◆ What to work on: Transcribe, exactly and without pictures, the lines below from the line with "Très architecturée, cette" to the line with "- Quilted Pillow", both ends included, and no others.

*** Supplied data ***

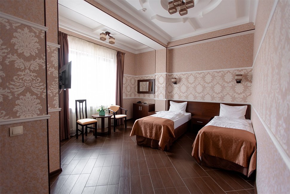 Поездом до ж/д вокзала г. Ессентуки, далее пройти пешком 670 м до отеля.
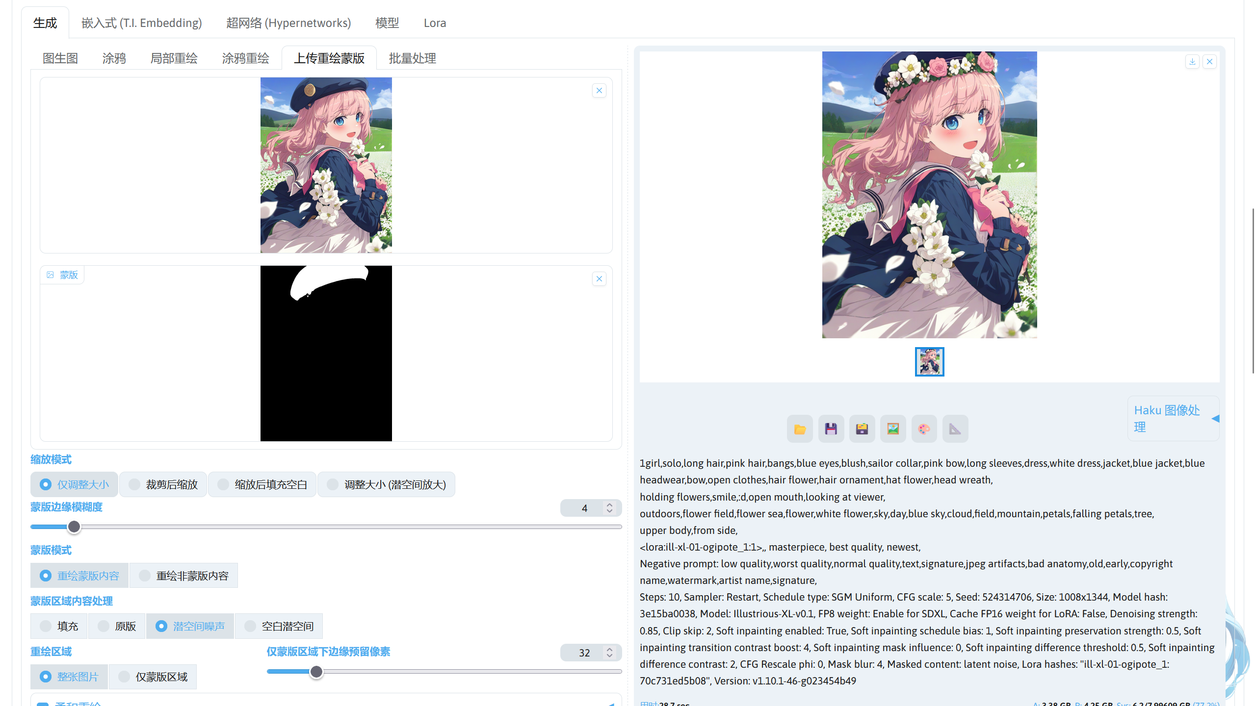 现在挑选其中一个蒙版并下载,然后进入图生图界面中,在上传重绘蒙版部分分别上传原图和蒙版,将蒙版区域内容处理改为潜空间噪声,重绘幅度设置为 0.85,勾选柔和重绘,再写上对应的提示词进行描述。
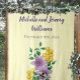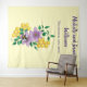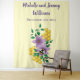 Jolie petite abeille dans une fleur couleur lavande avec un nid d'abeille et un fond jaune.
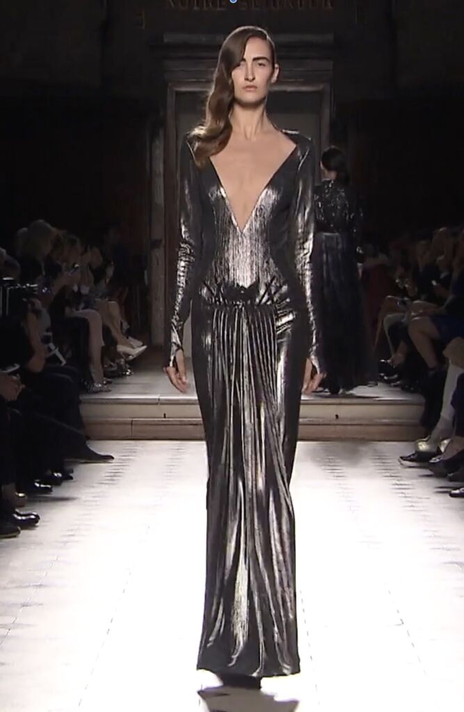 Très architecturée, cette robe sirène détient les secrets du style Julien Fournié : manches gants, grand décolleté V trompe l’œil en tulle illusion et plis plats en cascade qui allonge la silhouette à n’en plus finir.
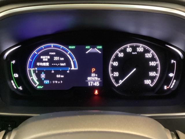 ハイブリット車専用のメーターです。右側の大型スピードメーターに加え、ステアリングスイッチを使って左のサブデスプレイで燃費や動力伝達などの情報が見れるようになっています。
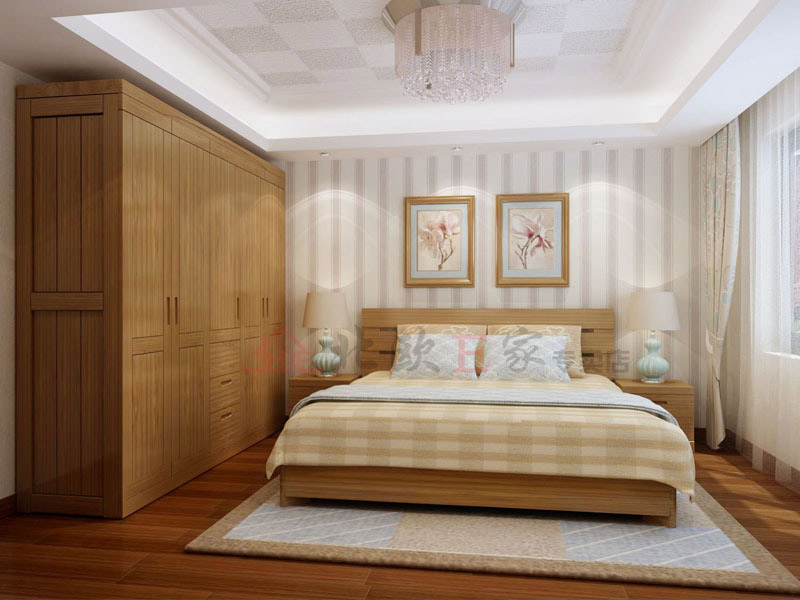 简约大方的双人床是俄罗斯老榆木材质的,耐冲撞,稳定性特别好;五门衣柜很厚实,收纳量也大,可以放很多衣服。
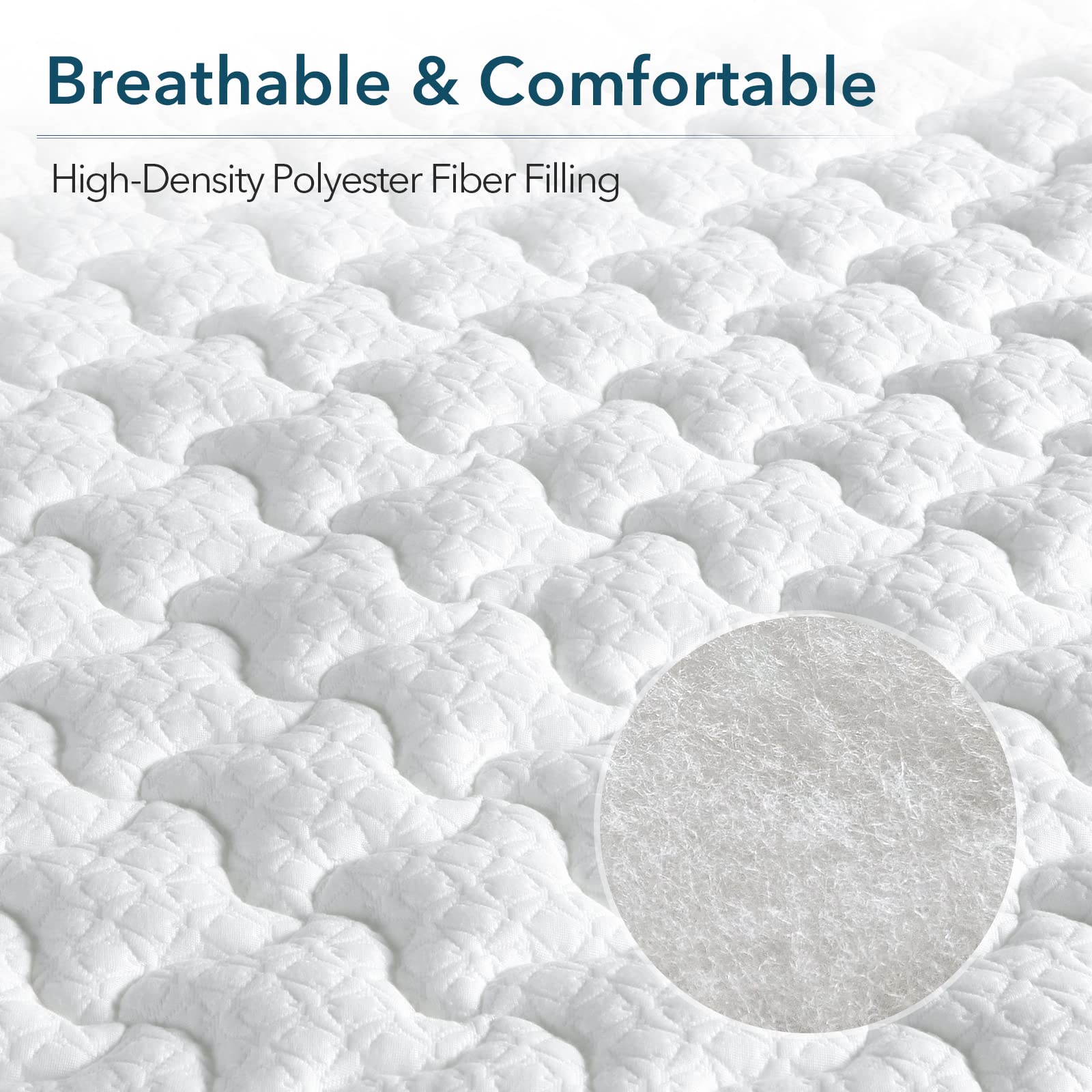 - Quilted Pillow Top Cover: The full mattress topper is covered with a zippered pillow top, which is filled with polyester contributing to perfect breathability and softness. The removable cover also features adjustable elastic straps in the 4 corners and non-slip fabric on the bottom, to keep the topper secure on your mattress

*** End of Supplied data ***
*** Supplied data ***

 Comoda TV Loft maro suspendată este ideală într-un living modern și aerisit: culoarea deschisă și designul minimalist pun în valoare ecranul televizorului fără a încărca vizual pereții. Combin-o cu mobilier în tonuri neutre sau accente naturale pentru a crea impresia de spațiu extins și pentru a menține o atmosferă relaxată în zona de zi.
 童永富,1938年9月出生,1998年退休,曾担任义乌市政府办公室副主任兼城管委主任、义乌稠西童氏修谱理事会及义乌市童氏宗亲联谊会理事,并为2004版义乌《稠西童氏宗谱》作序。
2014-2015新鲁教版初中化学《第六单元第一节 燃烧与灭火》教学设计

*** End of Supplied data ***

◆ Reply to the exercise:
 Très architecturée, cette robe sirène détient les secrets du style Julien Fournié : manches gants, grand décolleté V trompe l’œil en tulle illusion et plis plats en cascade qui allonge la silhouette à n’en plus finir.
 ハイブリット車専用のメーターです。右側の大型スピードメーターに加え、ステアリングスイッチを使って左のサブデスプレイで燃費や動力伝達などの情報が見れるようになっています。
 简约大方的双人床是俄罗斯老榆木材质的,耐冲撞,稳定性特别好;五门衣柜很厚实,收纳量也大,可以放很多衣服。
 - Quilted Pillow Top Cover: The full mattress topper is covered with a zippered pillow top, which is filled with polyester contributing to perfect breathability and softness. The removable cover also features adjustable elastic straps in the 4 corners and non-slip fabric on the bottom, to keep the topper secure on your mattress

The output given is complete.